ВООРУЖИВШИСЬ (окончание)
moholy-nagy
[info]gileec
Как писала в 1968 году Элен Бро (Элен Папаи - «маленькая Элен» из письма Вольмана), Леттристский Интернационал был «самотеррористическим». Группа провозгласила террор внутри организации – «самообразовательный процесс», как охарактеризовал Рауль Хаусманн психологию берлинского клуба дада, «в котором рутина и общее согласие были истреблены без жалости». ЛИ настолько ревностно поддерживал общее согласие, что не было ничего важнее, и если кто-то подвергал это сомнению, то тут же выбывал из игры; Сен-Жюст, в чьем идеальном обществе изгнание служило основной мерой вещей, мог бы такое одобрить.

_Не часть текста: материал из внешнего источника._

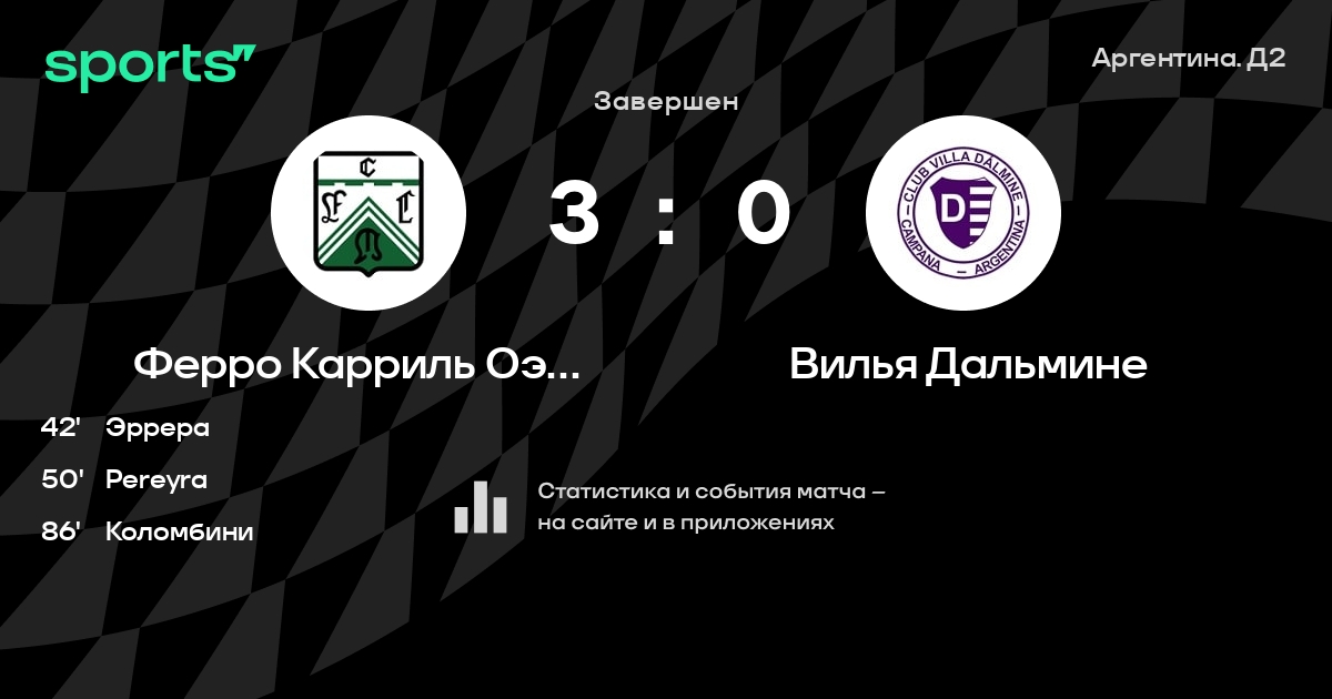 Ферро Карриль Оэсте – Вилья Дальмине: Вилья Дальмине забивает в 3 последних матчах против этого соперника

Официально, первыми были устранены Исидор Изу, Габриэль Померан и Морис Леметр, которые даже не успели побыть членами ЛИ (объявляя права на слова «леттрист» и «леттризм», ЛИ принял их в группу лишь за тем, чтобы тут же исключить как предателей своих же собственных идей), - потом в год между письмом Вольмана к Бро и «…Новой идеей в Европе» были исключены сам Бро («милитарист», как объясняется во втором выпуске «Потлача»), Серж Берна («недостаточно интеллектуален»), расписанный с ног до головы Менсьон («декоративный элемент»), даже пророк Щеглов («мифомания, бред, недостаточная революционная сознательность»). «Бесполезно возвращаться к мертвым», написал Вольман, скрепляя печатью первый список исключений из ЛИ. Как в некоторых фундаменталистских сектах, оставшиеся в группе никогда больше не поддерживали связь с теми, кто был исключен и не обсуждали это между собой. Но Дебор пошел против такой установки, в 1978 году, в своем фильме In girum imus nocte et consumimur igni, неясно процитировав «Юлия Цезаря» над изображением Щеглова: «Как много раз, спустя годы, наша величественная драма будет проиграна на неизвестных языках перед новой публикой!»

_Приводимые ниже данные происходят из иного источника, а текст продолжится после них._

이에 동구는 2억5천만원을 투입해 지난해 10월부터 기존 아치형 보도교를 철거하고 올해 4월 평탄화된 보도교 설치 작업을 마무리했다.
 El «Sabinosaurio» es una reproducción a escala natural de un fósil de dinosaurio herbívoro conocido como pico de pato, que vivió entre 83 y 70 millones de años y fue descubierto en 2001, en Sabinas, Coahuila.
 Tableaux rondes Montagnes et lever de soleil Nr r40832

Годы отяготили эти слова иронией, хотя они до сих пор несут в себе нечто удивительное: затронув тему, Дебор показывает комикс. «РЫЦАРИ ПРИНЦА ВЭЛИАНТА В ПОИСКАХ ПРИКЛЮЧЕНИЙ», читаем титры: «ОН ДВИГАЕТСЯ В СТОРОНУ ТАИНСТВЕННОГО СВЕТА, ДОНОСЯЩЕГОСЯ ИЗ МЕСТА, ГДЕ НЕ СТУПАЛА НОГА ЧЕЛОВЕКА». Затем Щеглов снова появляется на экране и Дебор произносит от себя: «Говорят, что, покорив жизнь и город своему взору, он изменил их. За один год он нажил себе врагов на сто лет вперед». Такая нажива была драмой ЛИ, говорил Дебор, а эти враги остались его наследием.

Это то многозначительное противоречие – между нигилизмом такого детского уровня, что невозможно подобрать ему никакое философское обоснование, и образцово сентиментальным голосом, способным облагородить любой ребяческий поступок; между найденным наследием, посеявшим семена тоталитаризма и массовой резни, и волей к отрицанию, не знающей другой перспективы, кроме «перспективы независимости без законов и ограничений» (Дебор, In girum) – которое характеризовало Леттристский Интернационал. В разговоре, что движется от Кабаре Вольтер к Sex Pistols, ЛИ является кульминацией первой истории и основой для второй. Но важнее то, что ЛИ выражает возможность каждого действующего лица говорить на языке другого.

В этом повествовании ЛИ является эпицентром, сосудом – и пустым, и наполненным. У ЛИ была печать, которая разъясняла историю и которая, до своего исчезновения в пьяной суматохе, должна была быть приложена группой к той философии, которая вытекала из увеселительных поездок на угнанных машинах и ночей, проведенных в катакомбах. ЛИ проклинал тех, кто верил в «оставление следов» и сам же оставил их в достатке: за пять лет чуть менее трех дюжин скудных бюллетеней, пачка мимолетных эссе, различных вариантов détournement, несколько стикеров на телефонных столбах и лозунгов на стенах. Можно добавить небольшое количество мемуаров: наждачная книга коллажей Дебора, его фильмы «О прохождении несколькими людьми единого момента времени» (1959) и In girum, а также романы Мишель Бернштейн «Вся королевская конница» (1960) и «Ночь» (1961), чудные воспоминания, так как все они относятся к событиям и участникам ЛИ, но не называют ни тех, ни других.

В некотором смысле это - декорация, потому что группа стремилась к вакууму. Невероятный проект ЛИ состоял в «ничегонеделании» и на том он и стоял; таким образом его реальным достижением являлось существование с 1952 года по 1957-й, когда оставшиеся члены (те, которым каким-то образом удалось, по выражению Мишель Бернштейн, избежать того, чтобы не «очень буржуазно уметь ставить на стол бокал с вином») присоединились к другим действующим художникам, более старшим и гораздо более выдающимся, чем интеллектуалы-лолларды из ЛИ, чтобы организовать Ситуационистский Интернационал.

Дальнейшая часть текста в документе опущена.